**WHAT YOU WILL DO:** Every line of the material is to be transcribed verbatim, with images omitted.

[Opening RECORDED INFORMATION section]

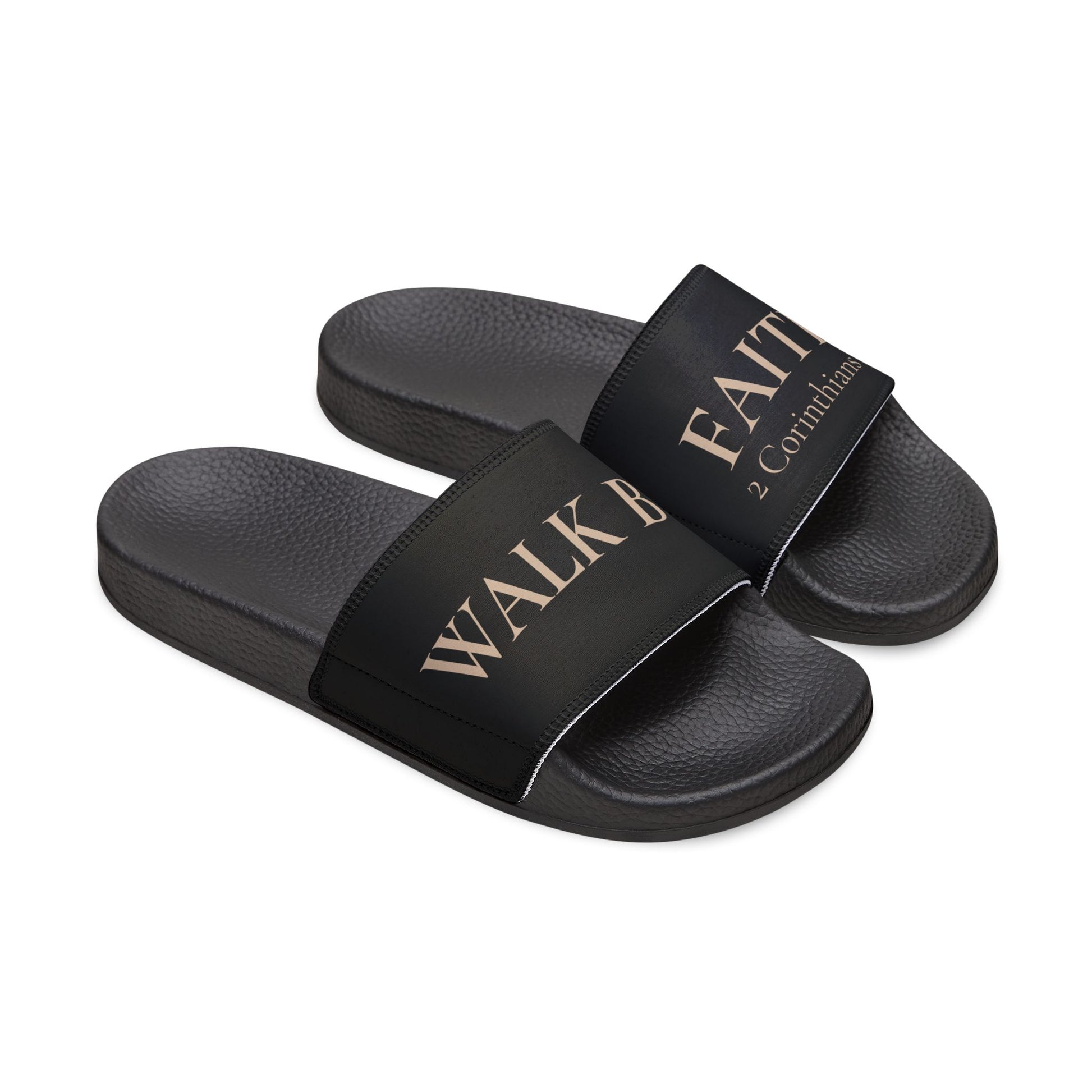 Step out in bold faith with these unisex “Walk by Faith” slides, inspired by 2 Corinthians 5:7. Designed to remind you daily that our journey is guided by trust in God's promises, not by what we see. The minimalist text and timeless black design make them easy to pair with any outfit while keeping your faith front and center.
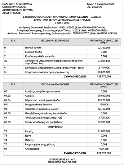 Συνοπτική κατάσταση Προϋπολογισμού εσόδων - εξόδων Δημοτικού Ιερού Ιδρύματος Αγίας Τριάδας έτους 2023 Κείμενο Βλέπε εικόνα. Αριθμός Φύλλου: 6083 Κατηγορία: Προϋπολογισμοί
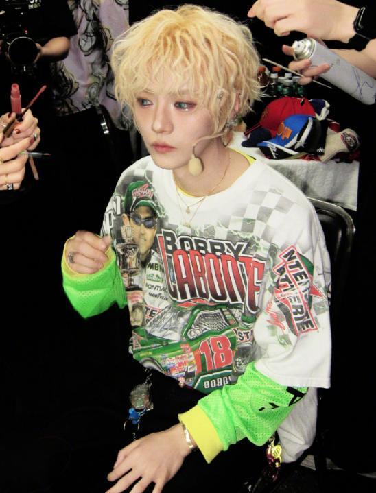 他的头发染成了树莓红,整套装扮非常炫彩,第二组照片他的头发变成了金色,搭配的妆容很有混血感。

[Closing RECORDED INFORMATION section]

**RESPONSE AREA:**
 Step out in bold faith with these unisex “Walk by Faith” slides, inspired by 2 Corinthians 5:7. Designed to remind you daily that our journey is guided by trust in God's promises, not by what we see. The minimalist text and timeless black design make them easy to pair with any outfit while keeping your faith front and center.
 Συνοπτική κατάσταση Προϋπολογισμού εσόδων - εξόδων Δημοτικού Ιερού Ιδρύματος Αγίας Τριάδας έτους 2023 Κείμενο Βλέπε εικόνα. Αριθμός Φύλλου: 6083 Κατηγορία: Προϋπολογισμοί
 他的头发染成了树莓红,整套装扮非常炫彩,第二组照片他的头发变成了金色,搭配的妆容很有混血感。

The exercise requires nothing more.